Review Copy provided by Random House and Netgalley
[box color=red]Senior year is over, and Lucy has the perfect way to celebrate: tonight, she’s going to find Shadow, the mysterious graffiti artist whose work appears all over the city. He’s out there somewhere—spraying color, spraying birds and blue sky on the night—and Lucy knows a guy who paints like Shadow is someone she could fall for. Really fall for. Instead, Lucy’s stuck at a party with Ed, the guy she’s managed to avoid since the most awkward date of her life. But when Ed tells her he knows where to find Shadow, they’re suddenly on an all-night search around the city. And what Lucy can’t see is the one thing that’s right before her eyes. [/box]

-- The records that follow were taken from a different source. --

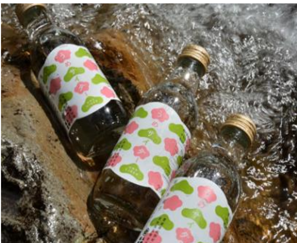
飲料メーカーとのコラボ商品“うめサイダー” パッケージは松野町の「松」と「梅」をデザイン

消費者の健康志向もあり、うめの需要は伸びると感じています。今後は、規模拡大や地元スタッフを雇用して法人化し、ふるさとの魅力を伝えていきたいと思っています。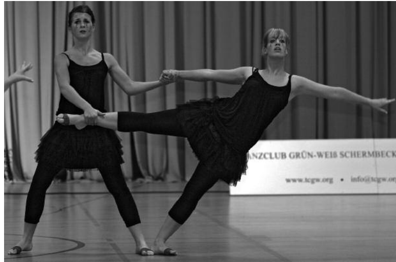
„Decertare“, DJK Gütersloh

Die Sieger des Tages hießen Devotion und kamen aus Brühl. Nach nur einem Jahr in der Landesliga sicherten sie sich einen Platz in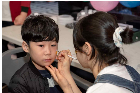
▲ 페이스 페인팅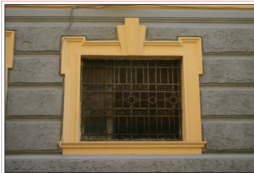
foto 10-CORNICE LUCERNAIO PIANO CANTINATO SU VIA S.CATERINA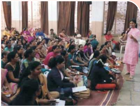
समुपदेशन - पालक कार्यशाळा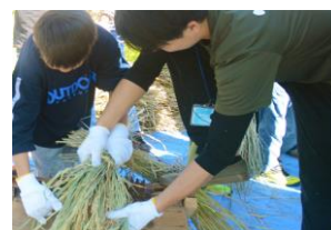
自分で脱穀・精米してみよう

昔ながらの機械である千歯こきや唐箕（とうみ）を使い、稲をもみ殻・玄米・ちりなどに選別します。力や手間のかかる作業で、食べ物作りの大変さを実感しながら、苗が白米になるまでのおよそ4か月にわたる経過を実感することができます。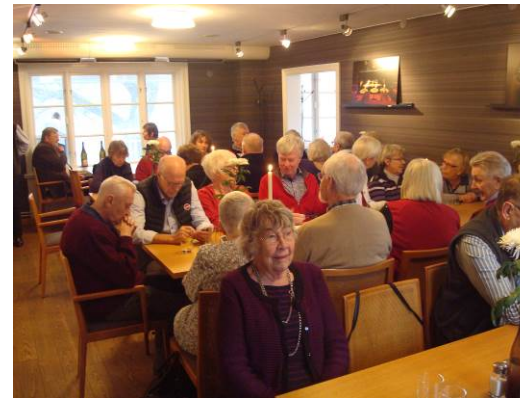
I väntan på mat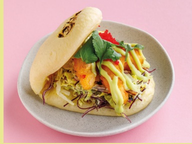
Tempura prawns with sweet wasabi 490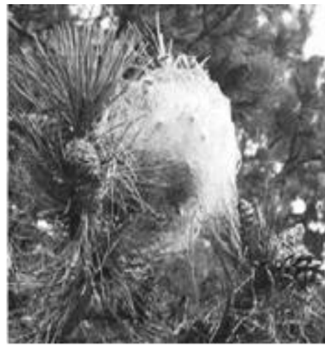
Cycle de vie de la chenille processionnaire (à gauche) et nids d'hiver (à droite).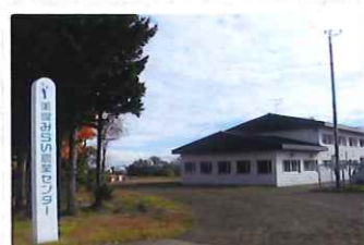
美幌みらい農業センター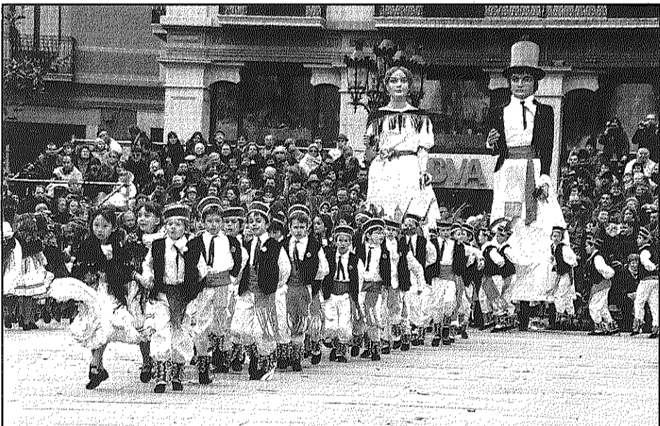
Els gegants de Sant Celoni van acompanyar el Filferro vestits de gitanes (L'AdBM)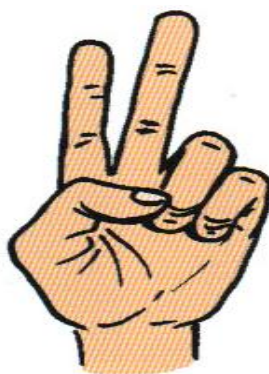
Avec l'index et le majeur

Et avec 2 mains : comment peut-on voir 2 doigts en tout (un et un)?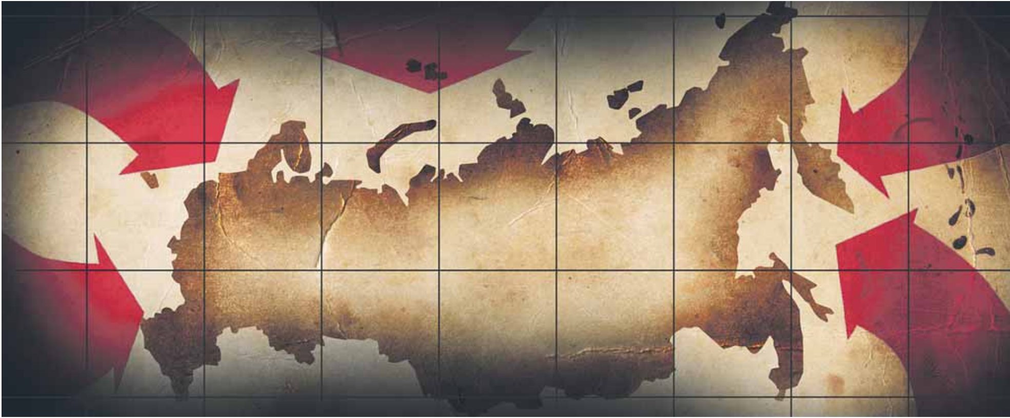
Коллаж: Андрей СЕДУХ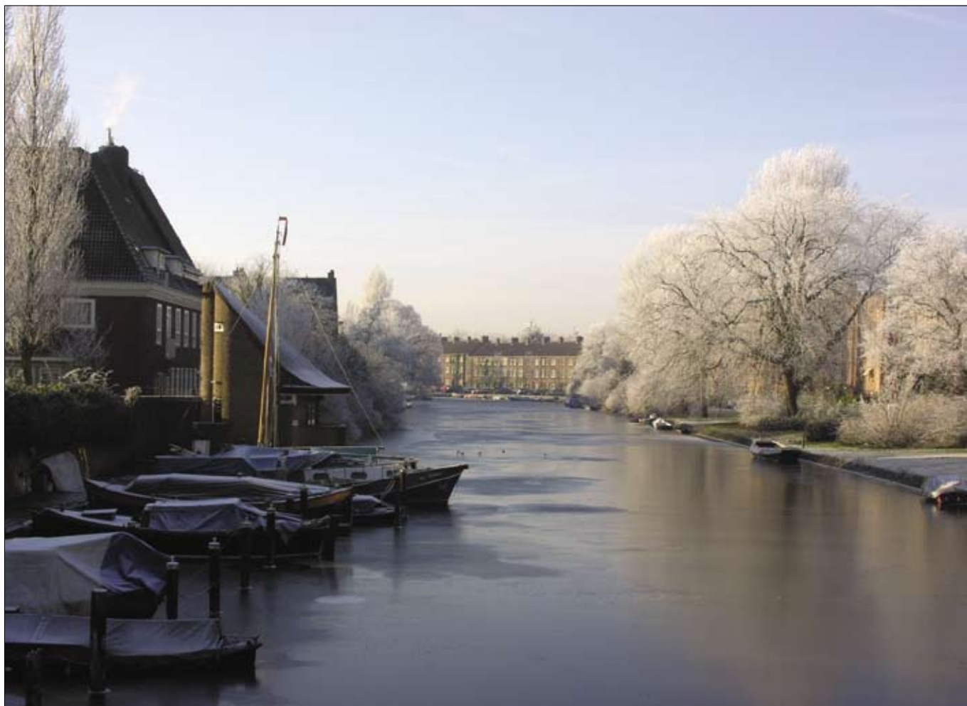
Het Noorder Amstelkanaal in winterkleed.

NIEUWS UIT DE HOOFDDORPPLEIN-, SCHINKEL-, BEETHOVEN- EN STADIONBUURT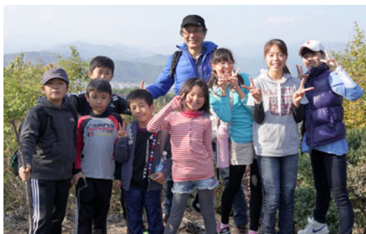
2013年11月 多峰主山・名栗川ハイキング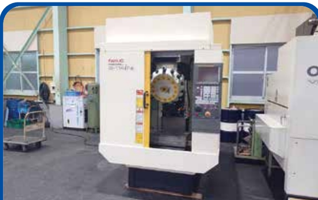
#30立形マシニングセンタ(ファナック) (名古屋) 2010年 α-T14iFa 298万円 制御 FANUC-31i-MA5 税込327.8万円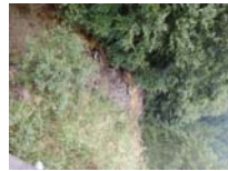
0014_位山峠の手前の水芭蕉橋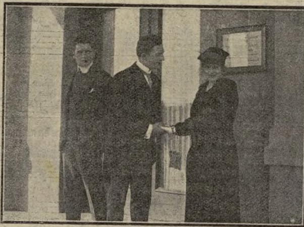
El amor no tiene ley

La Condesa Drillard razona la teoría que en estas palabras basa, con palabras persuasivas, y en el tono ameno y grato de una dulce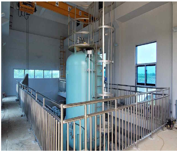
양수장 기계실 시공중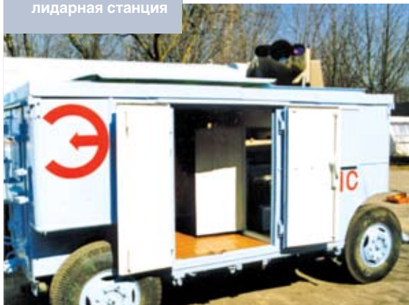
Созданная белорусскими учеными передвижная лидарная станция

– Озон – одна из самых изменчивых составляющих земной атмосферы. Общее содержание озона (ОСО) над каждым конкретным регионом определяется фотохимическими процессами образования и разрушения в верхней стратосфере и процессами переноса воздушными массами в более низких слоях, – отметил Аркадий Петрович. – Согласно измерениям, величина ОСО на территории Беларуси меняется в диапазоне 220–450 единиц Добсона. Характерным является формирование повышенных значений максимумов концентрации в весенний период и их уменьшение во втором полугодии. Мы осуществляем мониторинг аэрозоля в верхней тропосфере и стратосфере одновременно с измерениями профилей концентрации озона. Лидарные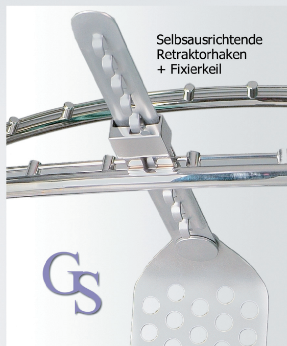
Selbsausrichtende Retraktorhaken + Fixierkeil

Die erhaltene exzellente Exposition durch den GRAY-Leber-Retraktor beruht auf dem "automatischen" Retrahieren des Rippenbogens nach oben und außen.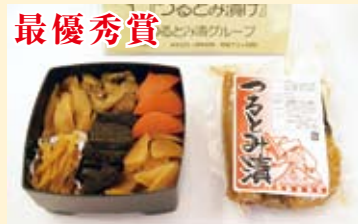
「つるとみ漬」 つるとみ漬グループ (竹の枝尾)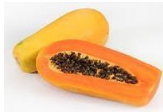
MAMÃO = MOLE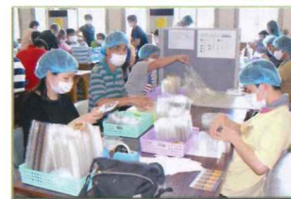
作業スペースは 衛生的な環境に配慮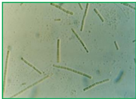
Phormidium tenue (フォルミディウム テヌエ) 藍藻綱

楕円形または倒卵形の細胞が寒天質の表層に規則正しく配列し、球状の群体を形成する。各細胞は不等長の2本の鞭毛を有する。生ぐさ臭を発生し、水道水の異臭味の原因となる藻類である。

Regina’s Review – 4 Skulls – A-
There are some young adult books that center on teen-aged characters and the storyline is very, well teenage in maturity level. These books are written solely for a younger audience. Then there are young adult books that have teen-aged characters and the storyline is one the resonates with audiences of all ages. This last kind of young adult book is where Graffiti Moon falls. Graffiti Moon is a coming of age novel told from the alternating view-point of two characters – Ed and Lucy. The story is simple and sweet. The characters have reached a point in their life where they are leaving behind the markers of childhood and moving on into the first stages of adulthood. The book takes place over one night; one night that the characters have decided is their night to grow up and define how their young adulthood will begin. Graffiti Moon’s story is enriched through the characters’ memories of happenings and events over their lifetime and brought to the pages through flashbacks.

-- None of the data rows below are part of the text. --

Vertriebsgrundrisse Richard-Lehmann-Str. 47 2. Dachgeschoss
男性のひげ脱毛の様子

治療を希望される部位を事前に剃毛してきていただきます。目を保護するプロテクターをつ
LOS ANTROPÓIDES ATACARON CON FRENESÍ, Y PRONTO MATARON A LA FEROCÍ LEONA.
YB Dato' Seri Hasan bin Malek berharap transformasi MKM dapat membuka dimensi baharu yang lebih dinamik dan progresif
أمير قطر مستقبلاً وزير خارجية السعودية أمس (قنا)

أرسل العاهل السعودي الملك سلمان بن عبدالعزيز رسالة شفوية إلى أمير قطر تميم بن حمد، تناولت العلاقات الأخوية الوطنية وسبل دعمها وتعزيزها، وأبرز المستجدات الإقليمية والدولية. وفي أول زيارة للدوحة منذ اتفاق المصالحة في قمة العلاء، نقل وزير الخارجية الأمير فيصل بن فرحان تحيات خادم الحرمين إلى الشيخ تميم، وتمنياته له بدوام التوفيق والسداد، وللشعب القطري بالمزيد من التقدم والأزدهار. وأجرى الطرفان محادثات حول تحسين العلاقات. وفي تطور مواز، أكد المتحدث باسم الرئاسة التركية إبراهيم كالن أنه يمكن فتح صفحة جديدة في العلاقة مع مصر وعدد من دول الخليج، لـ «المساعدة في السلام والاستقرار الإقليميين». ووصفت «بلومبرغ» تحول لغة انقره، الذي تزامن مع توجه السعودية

I feel like if I call Graffiti Moon a sweet love story, it will confuse what this book is about. But I cannot leave out that there is a sweet love story taking place
and developing throughout the story. I think that if I call this book simply a “coming of age” novel, then that categorization misses the mark in describing how deeply this story can affect people who have truly moved beyond their own coming of age moment. Graffiti Moon is the story of two teenagers who are done with high school and high school jobs and may or may not have hopes for the future but they are no longer kids. The characters have romantic fantasies about their ideal boyfriend or girlfriend and intense loyalty to their friends. Small events become big and crazy in the way that can only happen when one is a teenager.
I really liked Graffiti Moon, it is funny with witty dialogue and some interesting surprising turns in the storyline. I was rooting for Lucy and I was rooting for Ed, even when they were stupid and making such silly — well teenaged motivated – decisions. Have you ever had the fantasy of what a perfect boyfriend would be? Do you remember keeping a list of what you wanted in a guy? He has to like X and he has to do Y. Well Lucy is no different. As the story unwinds Lucy has to realize what all the readers have likely learned themselves by now, that love and romance does not come in perfect packages.

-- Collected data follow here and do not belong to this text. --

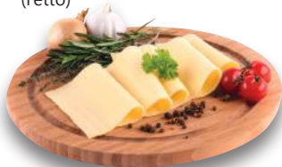
EDAMER Rosso (l'etto)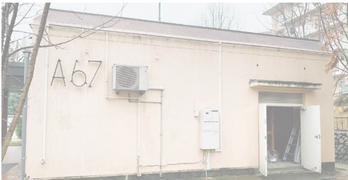
A地区集会所倉庫と外の小さな広場が一体で使えるような場所へデザイン。

男山団地初の試みとなる、住民協働型の集会所リノベーションプロジェクトをA地区で実践。今年の夏より、多様なメンバーで集会所の活用方法について話し合いを重ね、共同キッチンへ改修する計画となりました。3月末頃に完成予定です。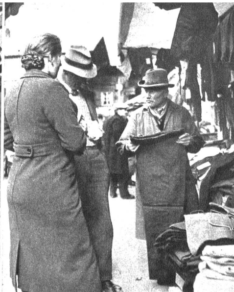
Je ja, neui Hose sött i scho lang ha, aber es bruche nit so chöstligi z'sy, halblinigi tüe's ou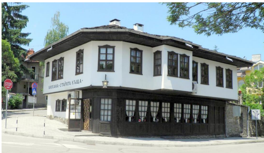
Фиг. 6. Механа „Старата къща“

Сградата е обявена за недвижимо културно наследство от местно значение.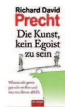
Richard David Precht: Die Kunst, kein Egoist zu sein. Warum wir gerne gut sein wollen und was uns davon abhält Goldmann 544 S., 19,99 Euro

wären wir wieder beim Staat. Der Rückzug des Staates ist für Precht Chance und nicht Gefahr. So fordert er eine Stärkung der Städte und die Abschaffung der Bundesländer. An dieser Stelle macht sein Buch wieder Spaß. Seine Idee, die deutschen Länder aufzulösen und den Bundesrat zu schließen, belebt eine leider eingeschlafene Föderalismus-Diskussion und hat in seiner Eindeutigkeit etwas Erfrischendes – auch wenn es sich vom Thema des Buches weit entfernt. Leider braucht er bis zu dieser Stelle über 400 Seiten.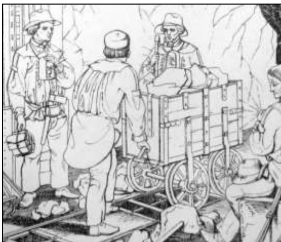
6. kép. Csillések. Heuchler litográfiájának részlete.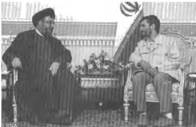
حيزبوللای کۆنترۆلی بەیروت دەکات

حيزبوللایە جەنگی ۲۰۰۶ ی زایندا دەرچوو و دەبووست بەروبوومی ئەم رووداوه گەروریە دروینە بکات، بۆیە دەستبەجێ کودەتای لەسەر ئەو حکومەتە کرد که خۆی بەشیک بوو لەو حکومەتدا، بۆ ئەم مەبەستە لە ۳۰ کانونی یەکەمی سالی ۲۰۰۶ ی زاینیدا هەلسا بە ئەنجامدانی گەردبوونویەک لەچواردووری باره گەي حکومەت و زیاتر لە ۶۰۰ خيوەتی تیدا هەلداو ئەمەش بە مەبەستی درێژەدان بە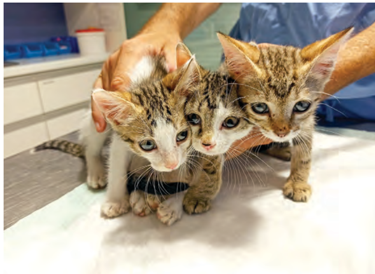
Udruga želi Belišće učiniti sretnim mjestom za mačke i pse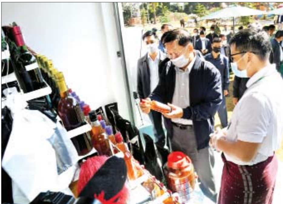
နိုင်ငံတော်စီမံအုပ်ချုပ်ရေးကောင်စီဥက္ကဋ္ဌ၊ နိုင်ငံတော်ဝန်ကြီးချုပ် ဗိုလ်ချုပ်မှူးကြီးမင်းအောင်လှိုင် ဒေသထွက်ပစ္စည်းအရောင်းဆိုင်များအား ကြည့်ရှုအားပေးစဉ်။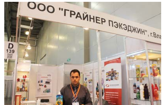
Л. Малыгин, «Грайнер Пэкэджин»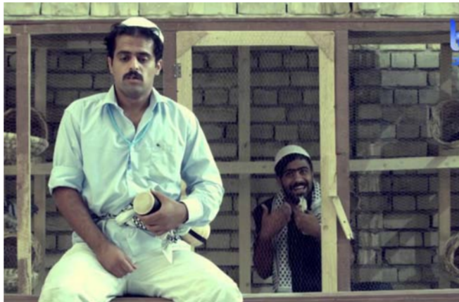
مشهد من مسلسل جرابية

قال جانبه، قال الصحافي المتخصصة بالجمال الفني، جيدر العجمي إن "الموسم الدرامي الحالي شهد انتكاسة كبيرة للدراما العراقية ولأسباب غير مقبولة وغير منطقية". مؤكداً أن "الإنتاج الدرامي اختفى هذا العام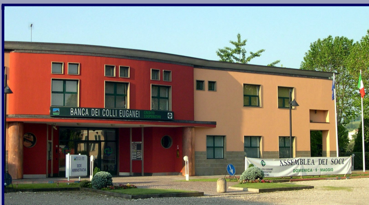
A Lozzo Atestino saranno ubicati alcuni servizi ed attività di back office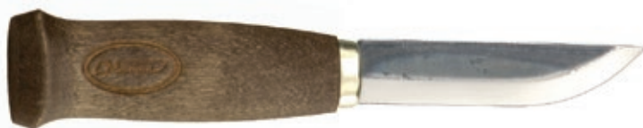
Black Lumberjack MT 127019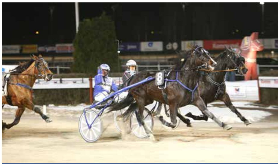
Västerbo Exclusive segerdefilerar efter stall Witasps första seger för året.

Kajsa Frick andades lite optimism inför Coyote Roadrunners start i fredags.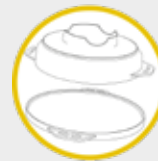
Forno per pizza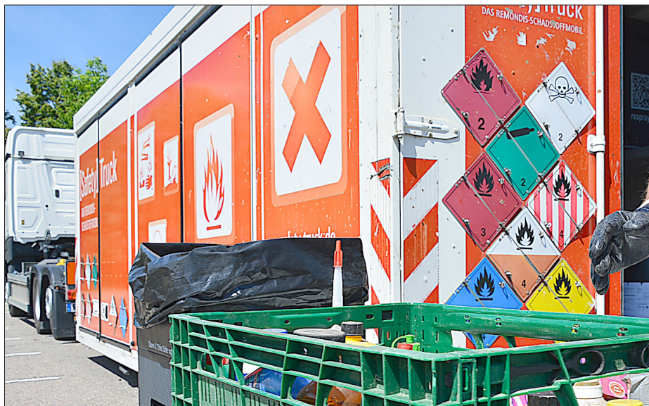
Hier kann man den Problemmüll abgeben.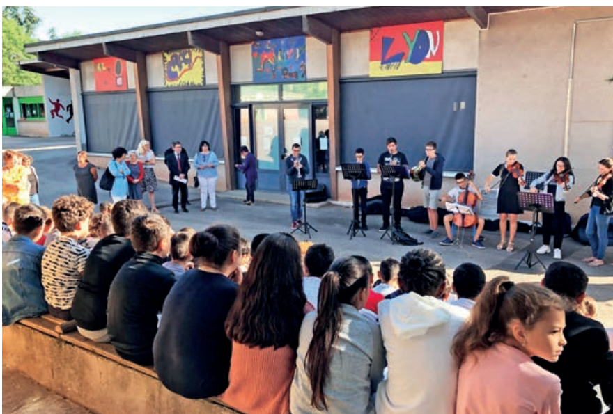
La culture par l'éveil musical, un enjeu primordial pour la jeunesse.

Les instruments, acquis, entretenus et changés par la collectivité, sont mis à disposition des élèves des écoles primaires. Le financement de l'enseignement musical au collège est également assumé par la municipalité.

The book has quite a few funny scenes between Lucy and her friends and then between Ed and their friends. The dialogue is witty and the jokes are good, but I did find that there were a bit too many of these scenes and admittedly skimmed a few of them. However, the book is short and these scenes demonstrate the strong friendship between the two sets of friends. The ending was sweet and of course everything was wrapped up rather perfectly, but it is a young adult story. I could not have asked for or wanted more.